05 - Pour the berry gelatin mixture into serving glasses or a trifle dish, filling about halfway. Refrigerate for at least 2 hours until completely set and firm to the touch.
06 - Scrape vanilla bean seeds into a saucepan and add the milk (or add vanilla extract to milk). Heat just until steaming, stirring occasionally. Remove from heat before boiling.
07 - Whisk egg yolks and 1/3 cup sugar in a bowl until pale and thick. Slowly pour the hot vanilla milk into the yolks while whisking constantly to prevent curdling.
08 - Return the mixture to the saucepan.
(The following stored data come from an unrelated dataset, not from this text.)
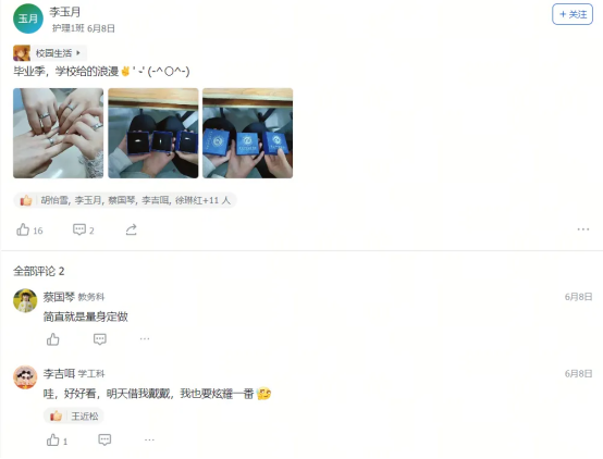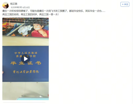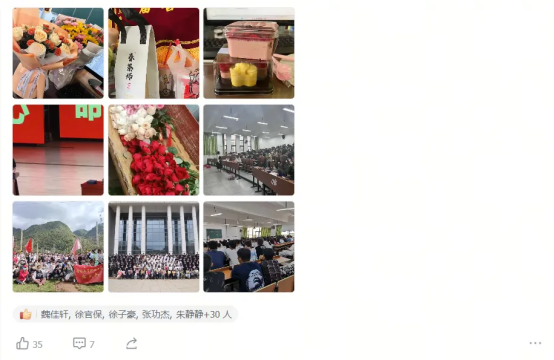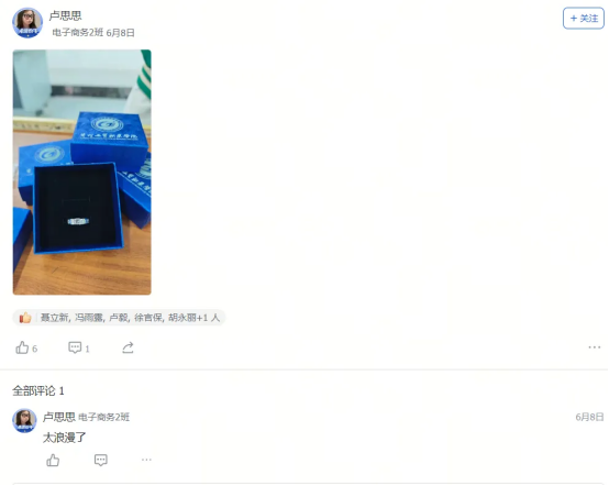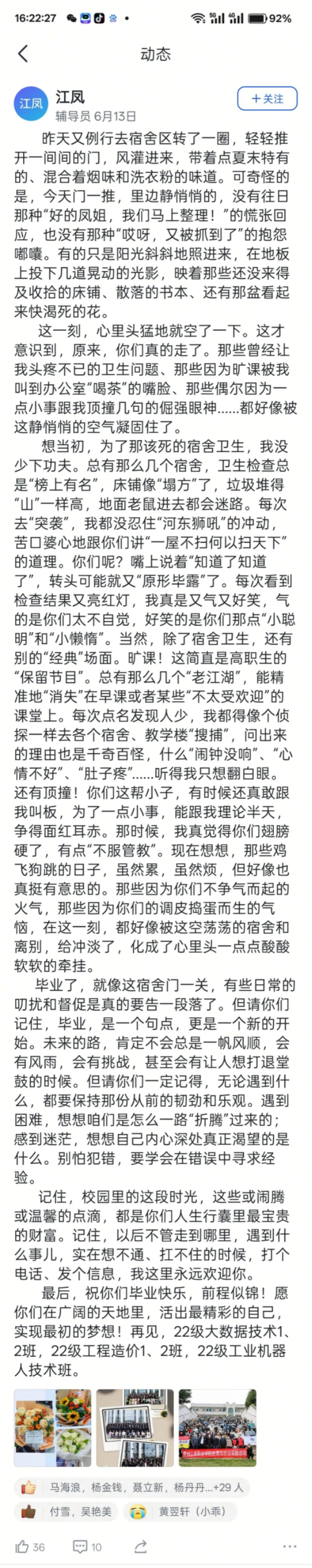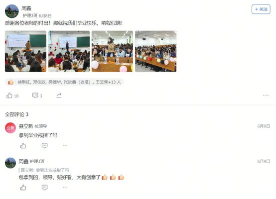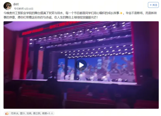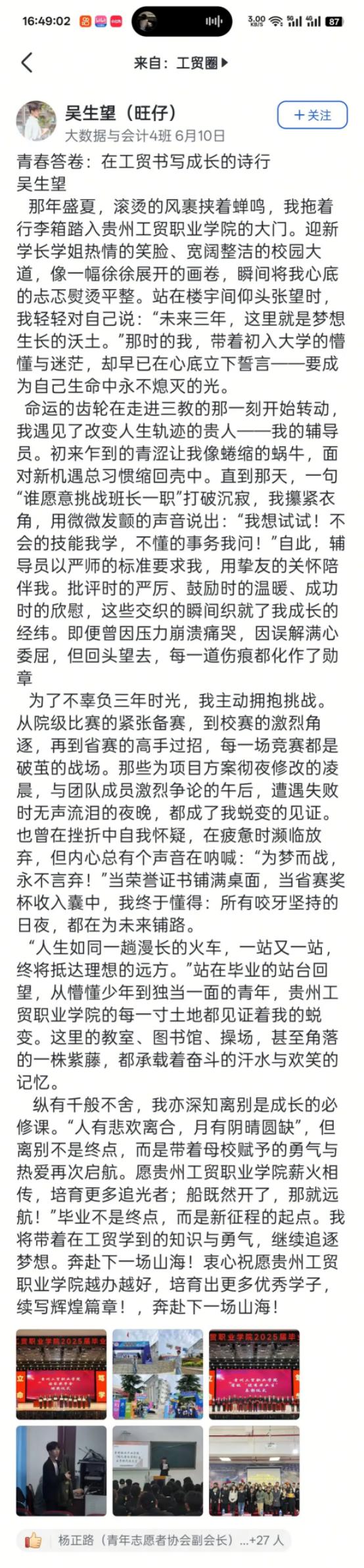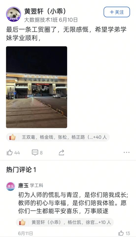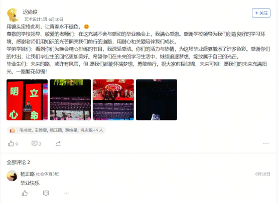艺术设计1班的迟同学在毕业晚会后飞书工贸圈的深情致谢,大数据技术1班的黄同学发出的“最后一条工贸圈,无限感慨,祝学弟学妹们学业顺利!”及其评论区里唐玉老师“初为人师的慌乱与青涩,是你们陪我成长”的动情回应……这一条条动态,一声声祝福,一幅幅定格在飞书工贸圈里的鲜活画面与肺腑之言,早已超越了简单的社交分享。它们无声地串联起散落天涯的思念,凝聚成贵工贸这个大家庭最温暖、最坚韧的情感纽带。在这个注定要各自远航的夏天,工贸圈成为盛放离愁别绪、传递无尽祝福的云端港湾,让“贵州工贸职业学院永远是你们的家”这句承诺,有了触手可及的温度与回响。
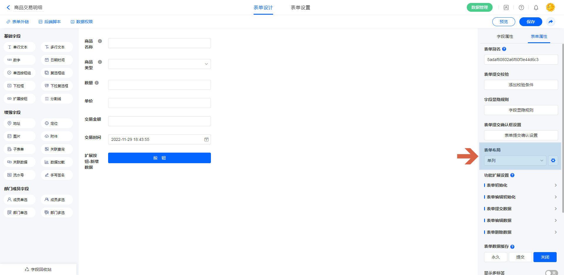 表单布局支持单列、双列、三列以及四列这四种排列方式。当遇到字段内容较多的表单,可以设置为三列、四列,减少成员滑动页面填报的频率。
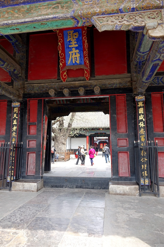 孔府大门上方高悬蓝底金字“圣府”二字,相传为明相严嵩手书。
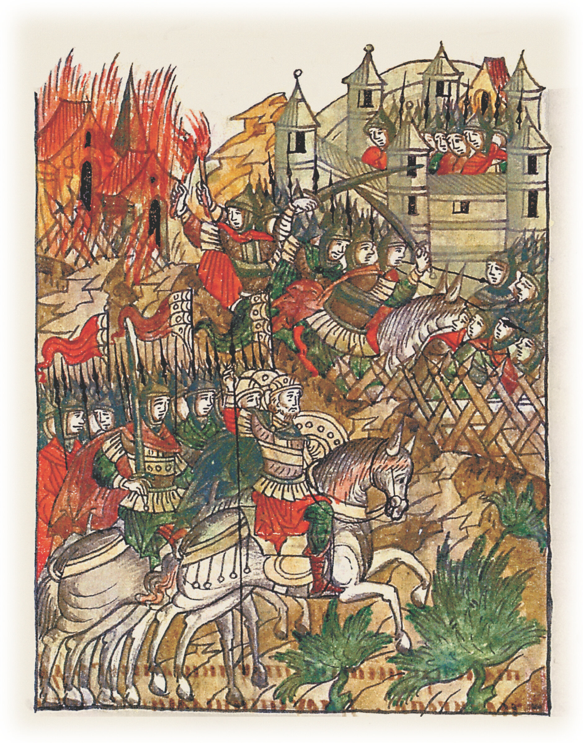 И пошли к городу, и встали, не дойдя города Семынь. Половцы же быстро устремились к городу и взяли острог, и зажгли, также и весь посад зажгли, и словно поле чистое около города сотворили,

Cook over low heat, stirring constantly, until thickened enough to coat the back of a spoon. Do not boil or eggs will scramble.
09 - Sprinkle 1 1/2 teaspoons gelatin over 1 tablespoon cold water. Let bloom 5 minutes, then stir into the warm custard until dissolved. Cool to room temperature, stirring occasionally.
10 - Using an electric mixer, whip the cold heavy cream until soft peaks form. Lift the whisk to check that cream holds its shape but still has soft curling tips.
11 - Gently fold one-third of the whipped cream into the cooled custard to lighten it. Add remaining cream and fold until completely incorporated and smooth.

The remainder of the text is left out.